フロントチェーンリングが小さいMTB用のカセットスプロケットの高速側は、MTBの下りで車速を高速域に乗せる為にハイギヤード化していきますので言わば下り専用のギヤレシオであり、平地におけるリカンベント・ローレーサーの高速域に適さないのは無理もありません。

一方でピンク色と水色の二つの有力候補のグラフを見てみると、比較的似通ったギヤ比ながら6速以降で少し差がある事が分かります。 水色のグラフは10速ギヤの5速から6速にシフトアップする時に、それまでに比べて一気に重くなるギャップがある事を意味します。 これに対してピンク色のグラフはほぼ一定の割合でギヤ比が変化しており、トップギヤのギヤ比がやや落ちるものの特定のシフトアップの時だけ一気に重くなるというギャップはありません。

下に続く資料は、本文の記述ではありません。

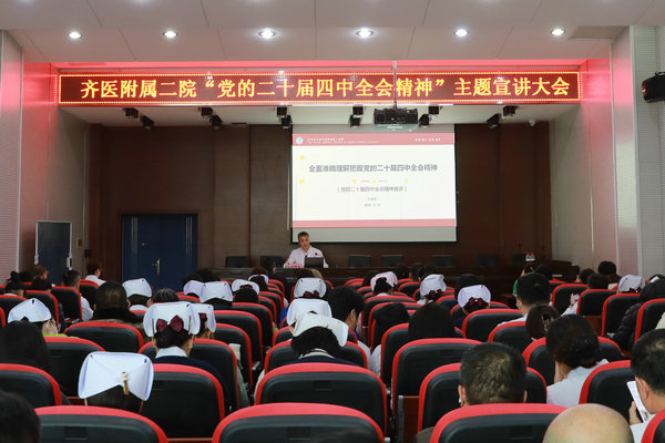 11月13日下午,根据学院党委统一部署,为深入传达学习党的二十届四中全会精神,齐医附属二院在临床技能中心多功能厅召开党的二十届四中全会精神主题宣讲会,党委书记刘增良同志作主题宣讲,院长、党委副书记武立刚同志等党委班子及全院中层干部认真聆听了宣讲。

このカギを握るのはピンク色のグラフの6速である16Tという丁数です。 多くのロード用カセットスプロケットでは「高速域じゃないから脚力で何とかなるでしょ?」とばかりに17Tの次は2丁飛んで15Tとなっている傾向がありますが、いわゆる軽いロードレーサーの車重に対してほぼ倍もある重量級のLOW-RACERを走らせる為に、その代償としてトップギヤの11Tを捨ててまでこの16丁に拘る事によって、盛豚の脚力で重量級のLOW-RACERを走らせても、中速域と高速域の境界線となる40km/hあたりでの加速の繋がりが良くなり、非常に走り易くなりました(もっと軽量なレーサーなら16Tを省いて高速寄りにセットアップできるんですけど…)。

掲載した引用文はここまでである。